Los glorificados ya no lloran, porque todas las causas externas de dolor han desaparecido. No hay amistades rotas ni perspectivas arruinadas en el cielo. Allí se desconocen la pobreza, el hambre, el peligro, la persecución y la calumnia. Ningún dolor angustia, ningún pensamiento de muerte o de duelo entristece. Ya no lloran porque están perfectamente santificados. Ningún "corazón malvado de incredulidad" los impulsa a apartarse del Dios vivo; son sin culpa ante su trono y están plenamente conformados a su imagen. Bien que dejen de llorar los que han dejado de pecar. Ya no lloran, porque todo miedo al cambio ha pasado. Saben que están eternamente seguros. El pecado está excluido y ellos están encerrados. Habitan dentro de una ciudad que nunca será asaltada; toman el sol en un sol que nunca se pondrá; beben de un río que nunca se secará; arrancan frutos de un árbol que nunca se marchitará.
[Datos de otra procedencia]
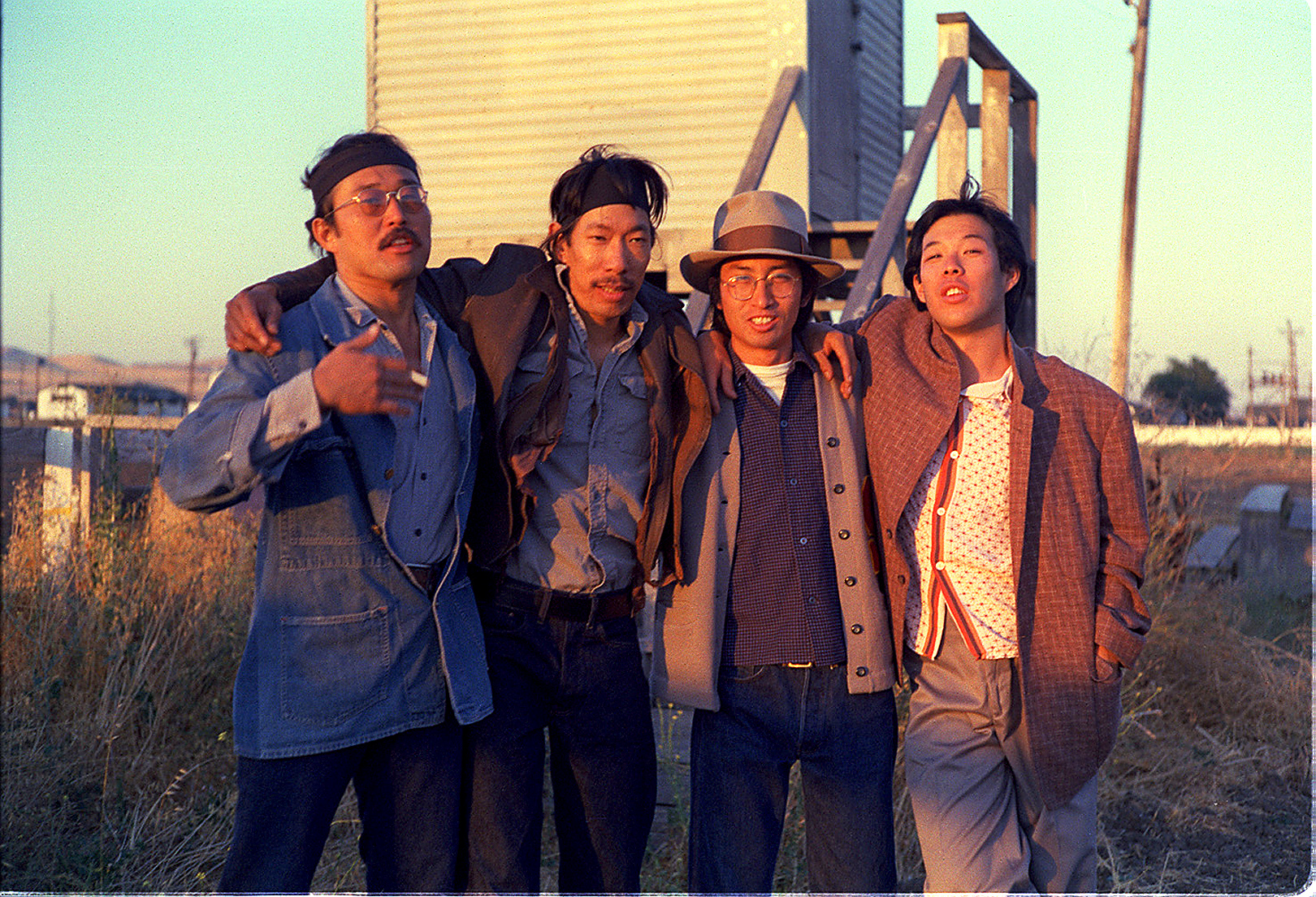 Poet Lawson Inada with American playwright Frank Chin, novelist Shawn Wong and actor Michael Paul Chan relaxing on location in John Korty's 1976 film, "Farewell to Manzanar." photo by Nancy Wong

Pueden girar incontables ciclos, pero la eternidad no se agotará, y mientras la eternidad perdure, su inmortalidad y su la bienaventuranza coexistirá con ella. Están para siempre con el Señor. Ya no lloran, porque todos los deseos se cumplen. No pueden desear nada que no posean. Ojo y oído, corazón y mano, juicio, imaginación, esperanza, deseo, voluntad, todas las facultades, quedan completamente satisfechas; e imperfectas como son nuestras ideas actuales sobre las cosas que Dios ha preparado para aquellos que lo aman, sin embargo, sabemos lo suficiente, por la revelación del Espíritu, que los santos de arriba son supremamente bendecidos. El gozo de Cristo, que es una plenitud infinita de deleite, está en ellos. Se bañan en el mar sin fondo y sin orillas de la infinita bienaventuranza. Ese mismo descanso gozoso permanece para nosotros. Puede que no esté muy lejos. Dentro de poco el sauce llorón será cambiado por la rama de palma de la victoria, y las gotas de rocío del dolor se transformarán en perlas de eterna bienaventuranza. "Por tanto, consolaos unos a otros con estas palabras".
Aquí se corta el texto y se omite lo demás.